Me incomoda a manifestação de orgulho da ignorância. Lembro quando morreu o cantor Cristiano Araújo. Era conhecido por milhões de pessoas. Outros tantos milhões, incluindo eu, não o conheciam. Não sou exatamente um fã de música sertaneja. Mas não posso sentir orgulho de não conhecer alguém. E não faltaram aqueles que fizeram questão de dizer que não sabiam quem era. Outro dia, vi um influenciador reagindo a um coach mirim. O pequeno questionava a razão de aprender sobre Aristóteles, dizia que não tinha utilidade. Fazia o mesmo discurso sobre a Segunda Guerra. Da mesma maneira que alguns manifestam orgulho de não conhecer algo, também me parece mais frequente este raciocínio utilitarista sobre o conhecimento.
Confesso que hoje tive uma pequena crise existencial com isso. Resolvi estudar e trabalhar com Jornalismo por acreditar que a informação é uma ferramenta importante de transformação e que tendo conhecimento, as pessoas podem fazer escolhas melhores e corrigir situações em desalinho. No entanto, resolvi tensionar esta minha lógica. E se eu fizer coro a quem diz que a Terra é plana? Na prática, que diferença faz? Alguém de fato é mais feliz por ter conhecimento ou a ignorância é realmente uma benção?
Não quero ser pretensioso aqui e trazer um emblasto capaz de aliviar a melancolia. Apenas, utilizo este espaço para compartilhar alguns questionamentos e pensamentos que tive.
O Restaurante no Fim do Universo é o segundo livro da série do Guia do Mochileiro das Galaxias. No texto, somos apresentados ao planeta florestal Oglaroon, que tem toda a sua população inteligente vivendo no interior de uma árvore. “Dentro de tal árvore nascem, vivem, apaixonam-se, entalham em sua casca minúsculos artigos especulando sobre o sentido da vida, a futilidade da morte e a importância do controle de natalidade, combatem em algumas guerras de pequena importância, e eventualmente morrem pendurados sob as ramagens de alguns dos galhos exteriores mais inacessíveis”. Eles são felizes, ignorando toda a vastidão do universo.

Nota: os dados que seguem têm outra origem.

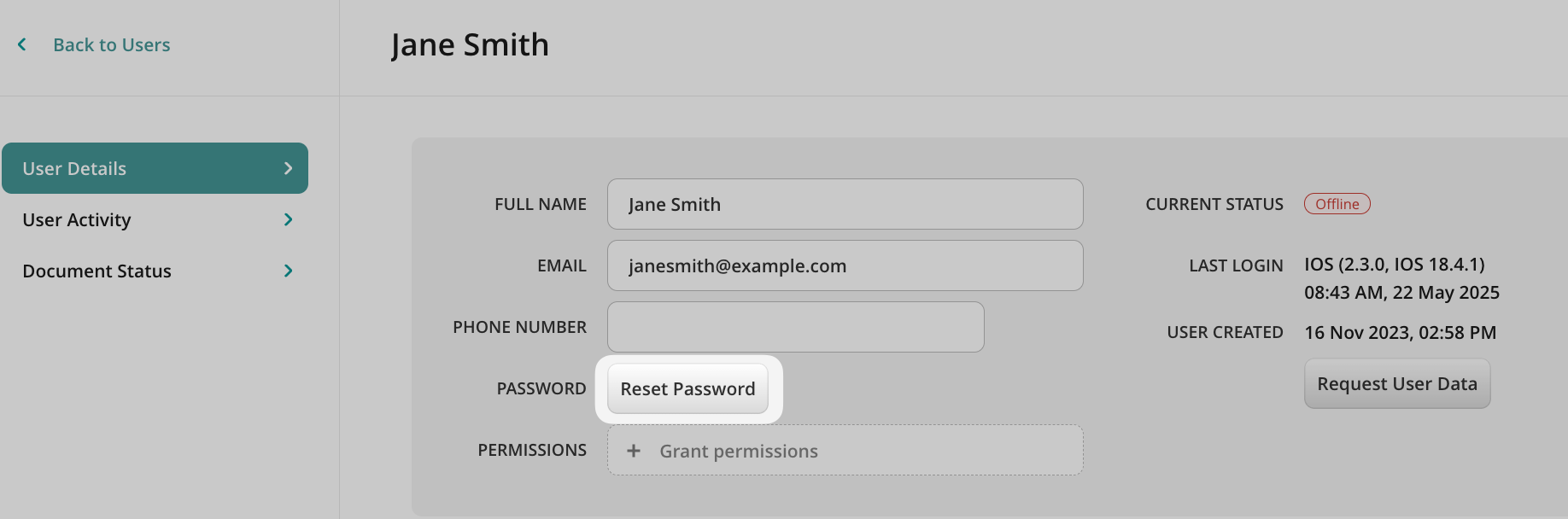 Step 1. Click on the User who can’t log in and you will be taken to the User’s page. There, click on the Reset Password button.
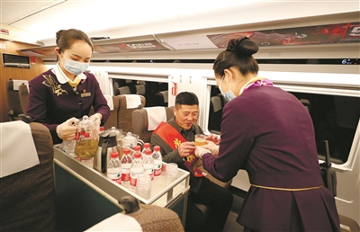 “我还是第一次被乘务员同事服务。”冯明笑着说。
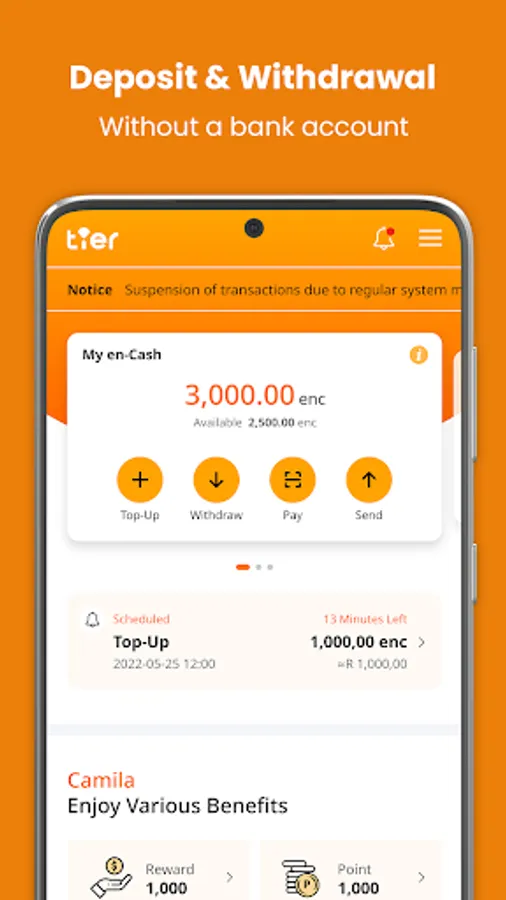 Especially, en-Cash can be topped up simply on TIER app or deposit cash into our deposit-only ATM Machine.
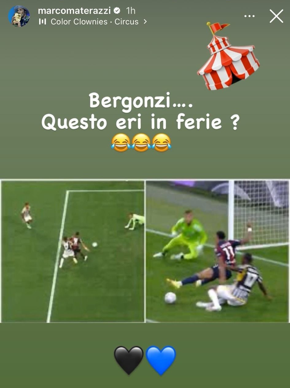 Marco Materazzi risponde per le rime all'ex arbitro Mauro Bergonzi, che quest'oggi ha definito in maniera un po' azzardata "l'errore più grave da quando esiste il VAR" il contatto in area veronese tra Alessandro Bastoni e Ondrej Duda prima del gol dell'Inter di Davide Frattesi. Dal proprio profilo Instagram, Matrix non le manda a dire all'ex direttore di gara e in generale a coloro che si sono sentiti in dovere di dire la loro per quanto avvenuto sabato: "Visto che vi sentite tutti fenomeni, da oggi siete pregati di parlare tutte le domeniche! Grazie e Forza Inter sempre", scrive Materazzi riprendendo le parole di Bergonzi che in una storia successiva viene chiamato direttamente in causa sul clamoroso rigore non concesso all'attaccante del Bologna Dan Ndoye nella gara contro la Juventus: "Questo eri in ferie?", chiede sarcastico con la colonna sonora del circo.
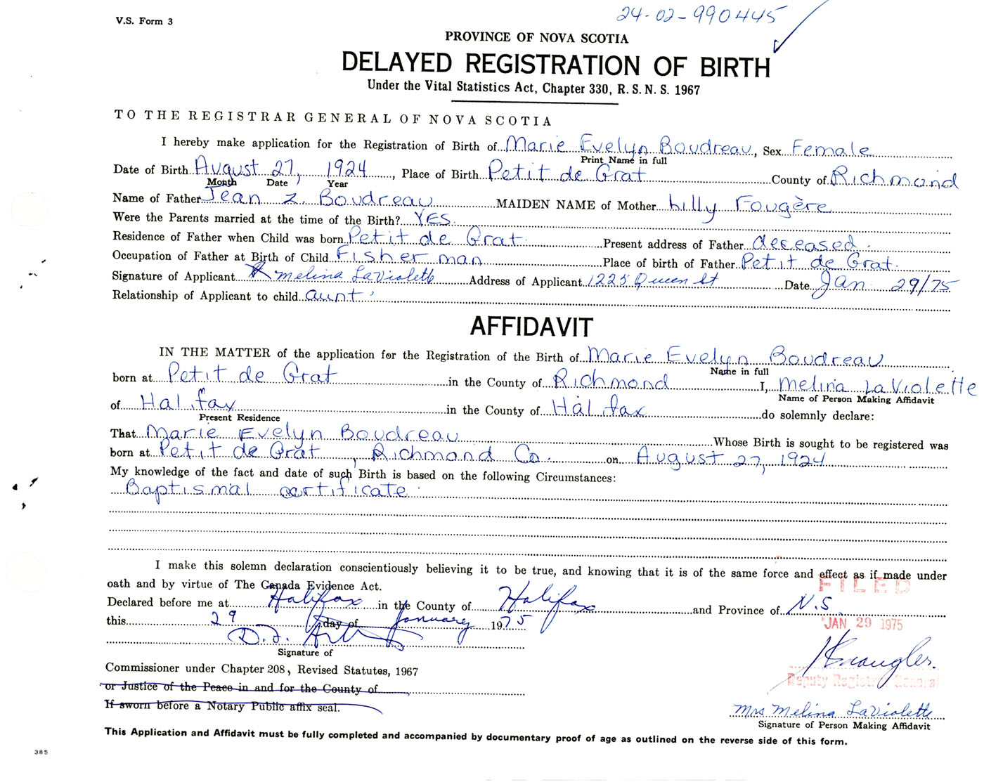 I hereby make application for the Registration of Birth of Marie EvelynBoudreau Sex Female

Na mesma obra, também conhecemos oVórtice de Perspectiva Total, considerado “a mais selvagem das torturas psíquicas a que se pode submeter um ser consciente”. Mas o que poderia ser tão terrível? O livro explica: “quando você é posto no Vórtice você tem um vislumbre momentâneo de toda a inimaginável infinidade da criação, e em algum lugar, um marcador minúsculo, um ponto microscópico sobre um ponto microscópico, dizendo “Você está aqui”.
A ignorância do povo de Oglaroon é contraposta à dilacerante angústia do conhecimento sobre o tamanho do Universo e, por consequência, à insignificância do ser. Ok, deixando Douglas Adams de lado, o que me questionei foi o quanto a ignorância não é capaz de tornar alguém mais feliz? O quanto a busca pelo conhecimento não é, na verdade, um exercício de autoflagelo? Se Winston Smith não se preocupasse em conhecer a Irmandade, ele teria uma vida medíocre, porém tranquila e, talvez até feliz, acreditando no Grande Irmão?
Casualmente, foi em Aristóteles, filósofo execrado no início deste diálogo, por um influenciador ainda criança quem trouxe as primeiras respostas que encontrei e me mostrou que este questionamento pode carregar uma armadilha. Para o grego, a felicidade está diretamente ligada à busca pelo conhecimento. Ele compreendia que a verdadeira felicidade não estava apenas em sentir prazer, mas na vivência de acordo com a virtude e a razão.
Considerando que os humanos são seres racionais, usar a razão e buscar o conhecimento são ações essenciais para entender o mundo e compreender a si mesmo, de modo a tomar decisões mais sábias.
Outra pessoa que se propôs a discutir a felicidade foi o fundador do Movimento Escoteiro, Baden-Powell. “O melhor meio para alcançar a felicidade é contribuir para a felicidade dos outros”. Unindo os dois pensamento, confesso que senti um pouco da dúvida se dissipando. Se a felicidade está ligada à busca pelo conhecimento e também à contribuição para a felicidade alheia, faz total sentido seguir lutando para a disseminação da informação.
Faz todo o sentido a batalha, aparentemente ingrata, travada pelos professores, que comemoram seu dia ontem, para construir o conhecimento, mesmo tendo que desmentir bobagens jogadas às toneladas na cara de todos. Aos meus amigos, ainda que atrasado, fica o meu abraço pelo Dia do Professor.